I had a raid 5 with 3 disks and I added a 4th disk to convert it to raid 6. The rebuild took almost 3 days running 24/7. My drives were all 3 TB.

A rebuild involves spreading the data across the full span of drives so it is constantly reading from the other drives and writing to the last drive as well as re-configuring the data spread across the first drives and all parity stripes have to be reconfigured as well. Basically that type rebuild may have to touch and reposition every bit of data on all the drives which can be very time consuming.

I don’t see anything wrong with the array data you posted except the rebuild with one drive that is in progress.

There is one thing that seems wrong with your commands
you posted mdadm --assemble /dev/md0 which hung.
According to the man page for mdadm which says

              Assemble the components of a previously created array into an active array.  Components can be explicitly given or
              can be searched for.  mdadm checks that the components do form a bona fide array, and can, on request, fiddle  su‐
              perblock information so as to assemble a faulty array.

And I read that to mean that you either must specify the devices to assemble, or that you need to use --scan as you did.

I suspect that as soon as the rebuild is complete it will automatically activate and then can be mounted as normal.
/proc/mdstat showed that the rebuild should complete approx 5 1/2 hours after you did that command to display it, so it will not be too much longer to finish.

Hmmm, ok - I hope it will.

It is weird though.
When it was initially building as RAID5 (with 5 disks), I had to reboot once and it just came back up.

I actually wasn’t trying to rush it.
The server crashed and came up in rescue-mode (because of the mentioned problems).

Sadly that can happen while reshaping arrays with 16TB drives.
The speed isn’t accurate though, since that is without load.

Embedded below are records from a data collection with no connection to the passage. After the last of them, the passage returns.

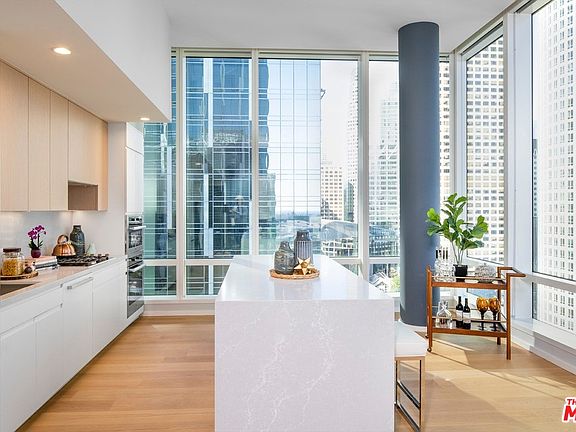 This two-bedroom residence is a corner home capturing multi-directional, southwest and northwest-facing views of Los Angeles and the Hollywood Hills.A place to play up your culinary skills, host, or even savor take-out from the acclaimed restaurants that surround, the kitchen is outfitted with sleek Caesarstone countertops, Studio Becker Cabinetry with under cabinet LED lighting, integrated Miele appliances, and wine coolers in select units.The bathroom includes a custom-designed vanity, Hansgrohe & Duravit Bath Fixtures, and a large soaking tub with stone surround, to create a luxurious setting for relaxing at the end of the day with a little bubbly.Expansive windows with custom shades. Central air conditioning and heating controlled by Nest Learning Thermostats. 7.5" oak plank flooring. Metropolis has designed its gracious bedrooms and master suites to offer the ultimate in contemporary comfort and warmth, this is exactly where you want to wake up and wind down.
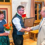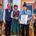 Die Laudatio für Bartholomäus Binder (80) hielt Trachtenvorstand Martin Schober vom Trachtenverein „Almenrausch“ Rossholzen. Schreinermeister Bartholomäus Binder gehört seit 1959 dem „Baschtler“ Trachtenverein an, er war von 1961 bis 1985 Zweiter Vorstand, von 1981 bis 1989 Schützenmeister und von 1985 bis 1999 Erster Vorstand. Der inzwischen zum Ehrenvorstand Ernannte war beim Rossholzener Jubiläumsfest 1974 Festleiter, zugleich war er jahrzehntelang aktiv bei der Feuerwehr Rossholzen, seit rund 50 Jahren ist er Mitglied der Kirchenverwaltung Rossholzen und von 1972 bis 2013 ehrenamtlicher Brandschadenschätzer beim Brandunterstützungsverein Samerberg. In seiner Zeit als Gemeinderat von 1984 bis 1990 unter Bürgermeister Josef Deindl waren die Wasserversorgung, die Suche nach einem gemeinsamen Schulstandort und das Samerberger Jubiläumsjahr 1988 die großen Themen.
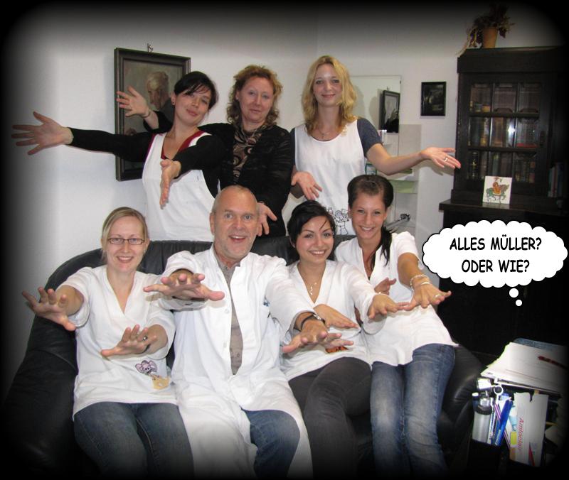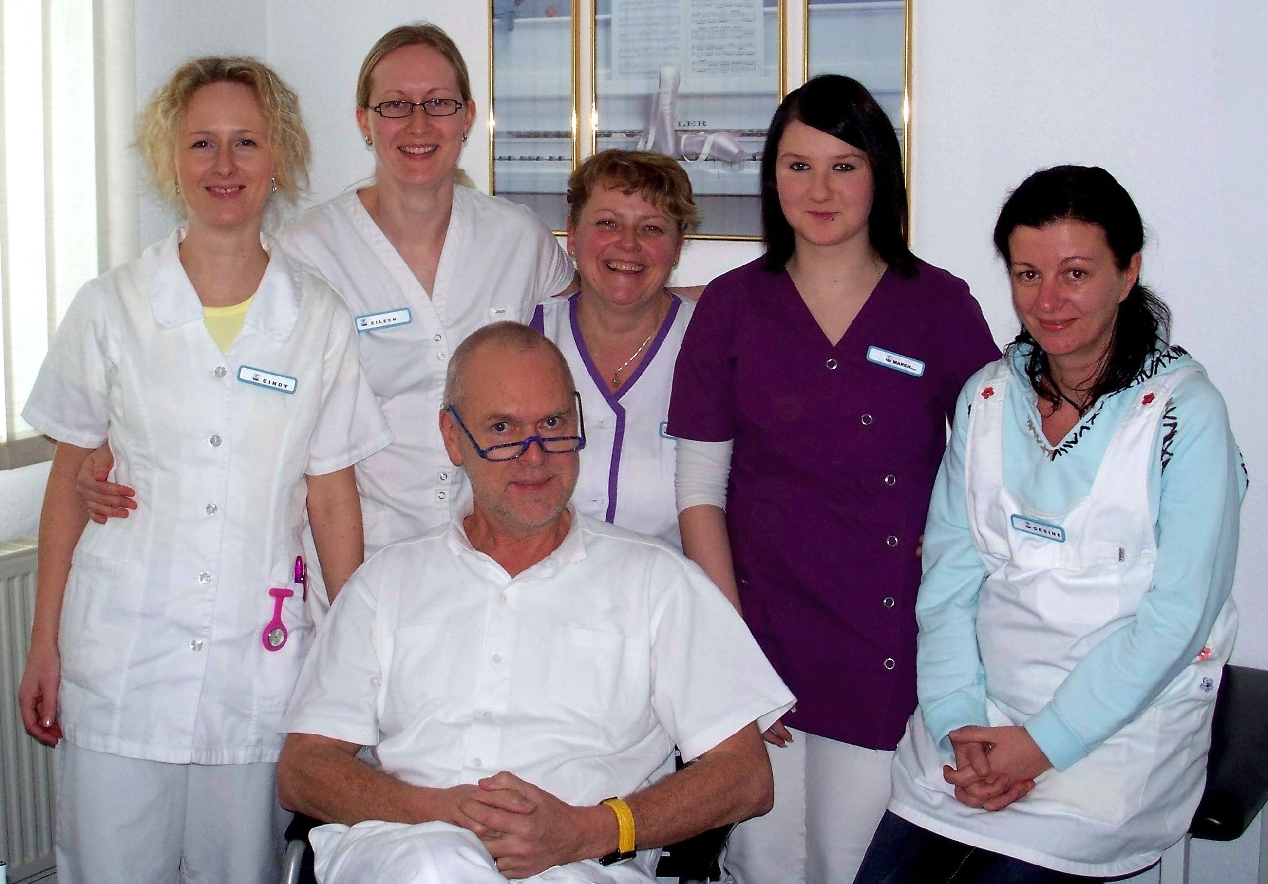 Cindy, Eileen, Birgit, Azubi Maren, Gesine und der Doc

Like I mentioned, the array is in use (or at least the 5 disk forming the previous RAID 5 are - not quite sure how that works).

Ah Ha!
Now I see why the issues.
Raid 5 with 5 disks being converted to Raid 6 with 7 disks —
Since Raid 6 can only tolerate 2 drives failing at the same time and Raid 5 can only tolerate 1 drive failing it should have been done as 2 steps. First adding one disk and converting to Raid 6. Then when that rebuild was done add the last drive and rebuild with 7 drives. Adding 2 drives at the same time seems like it could remove all raid fail-safe features.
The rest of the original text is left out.